The number of employers offering dental care insurance is increasing rapidly, as coverage for dental care is being offered more frequently as part of group health plans. Occasionally, dental insurance is part of a health benefits package with a single deductible called an integrated deductible, applying to both medical and dental expenses. More often, dental coverage and dental claims are handled separately, though they may be part of a larger package with a separate deductible for health insurance coverage and for dental insurance coverage. There also may be a probationary period in group dental insurance to help hold down coverage for preexisting conditions.

Some dental policies are scheduled; that is, benefits are limited to specified maximums per procedure, with first dollar coverage. Most, however, are comprehensive policies that work in much the same way as comprehensive medical expense coverage.

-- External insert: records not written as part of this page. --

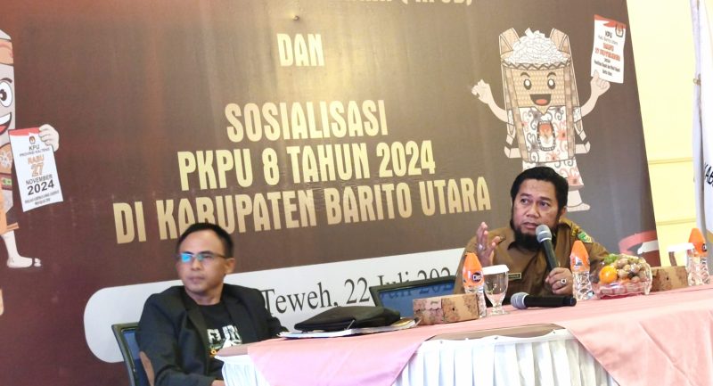 Hal tersebut dikemukakan Dr Akhmad Rizali S.Si, M.Si yang menjadi narasumber dalam sosialisasi penyusunan visi misi Paslon serta sosialisasi PKPU 8 Tahun 2024 yang diselenggarakan KPU Kabupaten Barito Utara, di Aula PS Cafe Muara Teweh, Senin(22/7/2024).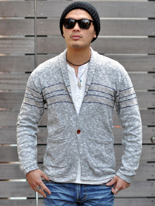 ショールカラーで胸に、ラインが入ったデザインで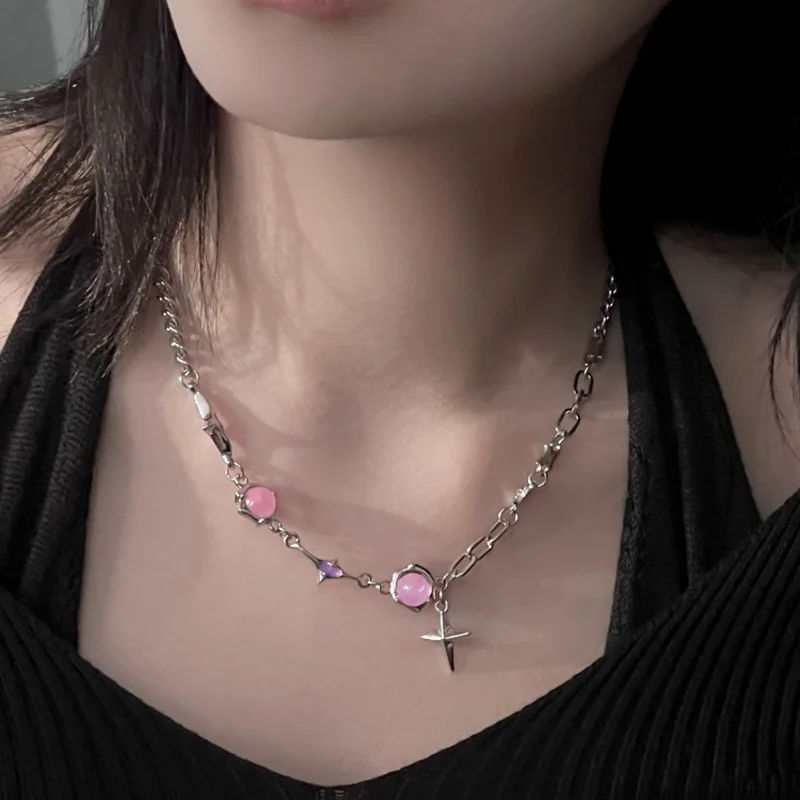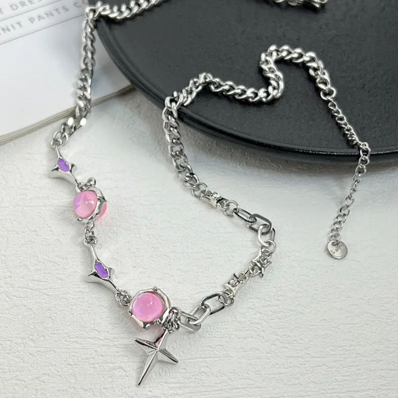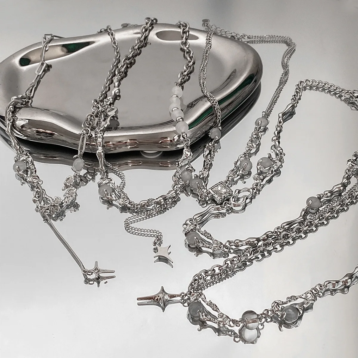 Collar de ópalo de Color plateado , joyería Irregular de estrella de Lava líquida, regalo de cumpleaños, venta al por mayor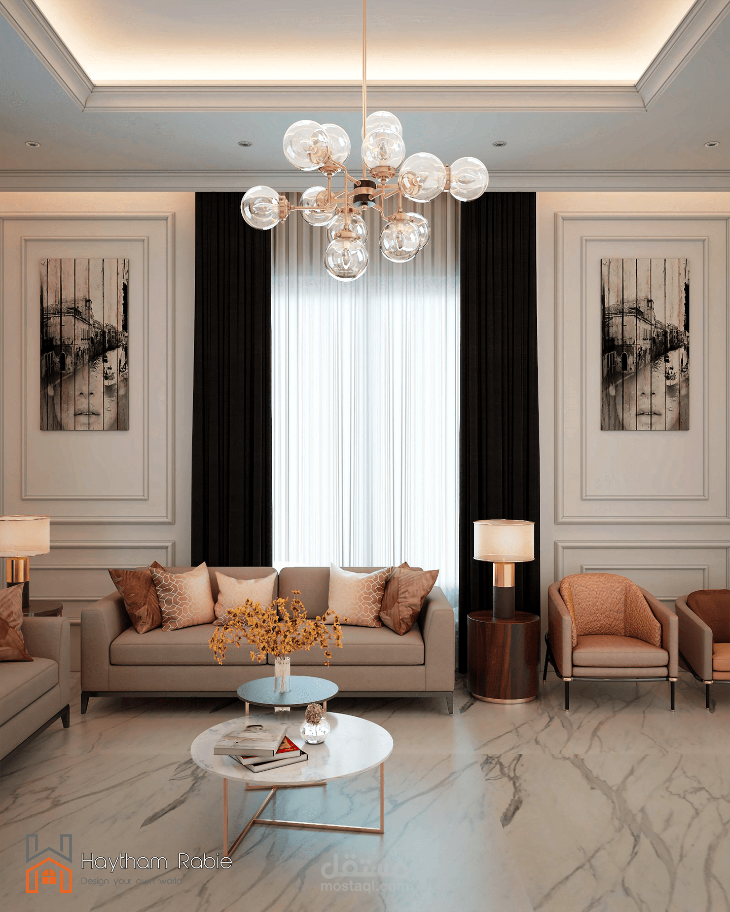 تصميم صالون بطراز نيوكلاسيك

In addition to deductibles, coinsurance and maximums may also affect the level of benefits payable under a dental plan. Coinsurance percentages may apply to reimbursements that are either the reasonable and customary (R&C) type or the scheduled type. A plan based on R&C will apply coinsurance percentages to the dentist’s usual and customary fee, provided it is reasonable. This type of plan is also known as usual, customary, and reasonable (UCR) or usual and prevailing (U&P). A plan that is scheduled will apply coinsurance percentages to a schedule or list of fixed-dollar amounts for each covered benefit. Scheduled benefits are generally lower than R&C allowances.

Comprehensive dental plans usually provide routine dental care services without deductibles or coinsurance to encourage preventive dental care. Generally, there is a specified maximum dollar amount payable per year and, sometimes, per family member covered. There also may be a lifetime maximum per individual.

Non routine dental care includes the following:

o Restorative-repairing or restoring dental work that has been damaged in some way
o Oral surgery-surgery performed in the oral cavity, for example, the removal of wisdom teeth
o Endodontics-treatment of the pulp (the soft tissue substance located in the center of each tooth)
o Periodontics-treatment of the supporting structures of the teeth
o Prosthodontics-artificial replacements
o Pediatric dentistry-patient management and preventive and restorative techniques particularly suited to children and adolescents
o Oral pathology-microscopic analysis of tissue biopsy material for diagnosis of oral diseases including oral cancer
o Orthodontics-correction of irregularities of the teeth; most commonly, braces

For non routine treatments, a comprehensive policy pays a percentage, such as 80%, of the reasonable and customary charges. The patient pays an annual deductible and whatever expense remains. Typically, the deductible is per person or per family and most policies limit benefits to stated maximums per year.
Policies that provide for orthodontic care generally have separate limits and deductibles for orthodontia. The coinsurance percentage is likely to be 50% rather than the higher 75% or 80% that applies to other types of non routine dental care.

Many plans offer a selection of providers from which plan participants must choose. In some plans, if a course of treatment is expected to exceed a certain amount, say $200, a report must be submitted to the insurer by the dentist. The report describes the proposed treatment and itemizes the expected charges. The insurer reviews and evaluates this report and sends the dentist an estimate of benefits to be paid.